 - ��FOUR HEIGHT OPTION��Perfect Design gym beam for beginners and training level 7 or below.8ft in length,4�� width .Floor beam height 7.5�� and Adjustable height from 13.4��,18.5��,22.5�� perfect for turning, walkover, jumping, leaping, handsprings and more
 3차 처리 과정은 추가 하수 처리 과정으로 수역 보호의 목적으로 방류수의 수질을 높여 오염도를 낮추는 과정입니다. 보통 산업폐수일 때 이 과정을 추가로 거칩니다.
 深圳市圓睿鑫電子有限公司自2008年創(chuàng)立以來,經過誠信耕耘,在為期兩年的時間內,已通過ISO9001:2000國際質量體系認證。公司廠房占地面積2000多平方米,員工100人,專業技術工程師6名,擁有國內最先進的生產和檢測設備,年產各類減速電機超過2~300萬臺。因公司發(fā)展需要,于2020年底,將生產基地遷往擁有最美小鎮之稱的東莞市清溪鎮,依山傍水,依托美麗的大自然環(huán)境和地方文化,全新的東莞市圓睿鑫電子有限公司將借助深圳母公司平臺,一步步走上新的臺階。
+ + + + +
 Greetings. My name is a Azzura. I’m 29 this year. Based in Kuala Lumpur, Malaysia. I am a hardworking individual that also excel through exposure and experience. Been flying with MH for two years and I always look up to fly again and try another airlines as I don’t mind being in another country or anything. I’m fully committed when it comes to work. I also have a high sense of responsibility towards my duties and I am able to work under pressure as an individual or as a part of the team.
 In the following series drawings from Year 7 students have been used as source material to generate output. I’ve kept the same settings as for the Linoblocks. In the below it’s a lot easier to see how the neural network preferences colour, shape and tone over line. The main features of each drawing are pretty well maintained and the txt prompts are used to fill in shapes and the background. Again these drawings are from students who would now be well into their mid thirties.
+ + + + +
Return exactly the lines above from the line that has "- ��FOUR HEIGHT" through the line that has "深圳市圓睿鑫電子有限公司自2", inclusive, and nothing else.

Exercise response –
 - ��FOUR HEIGHT OPTION��Perfect Design gym beam for beginners and training level 7 or below.8ft in length,4�� width .Floor beam height 7.5�� and Adjustable height from 13.4��,18.5��,22.5�� perfect for turning, walkover, jumping, leaping, handsprings and more
 3차 처리 과정은 추가 하수 처리 과정으로 수역 보호의 목적으로 방류수의 수질을 높여 오염도를 낮추는 과정입니다. 보통 산업폐수일 때 이 과정을 추가로 거칩니다.
 深圳市圓睿鑫電子有限公司自2008年創(chuàng)立以來,經過誠信耕耘,在為期兩年的時間內,已通過ISO9001:2000國際質量體系認證。公司廠房占地面積2000多平方米,員工100人,專業技術工程師6名,擁有國內最先進的生產和檢測設備,年產各類減速電機超過2~300萬臺。因公司發(fā)展需要,于2020年底,將生產基地遷往擁有最美小鎮之稱的東莞市清溪鎮,依山傍水,依托美麗的大自然環(huán)境和地方文化,全新的東莞市圓睿鑫電子有限公司將借助深圳母公司平臺,一步步走上新的臺階。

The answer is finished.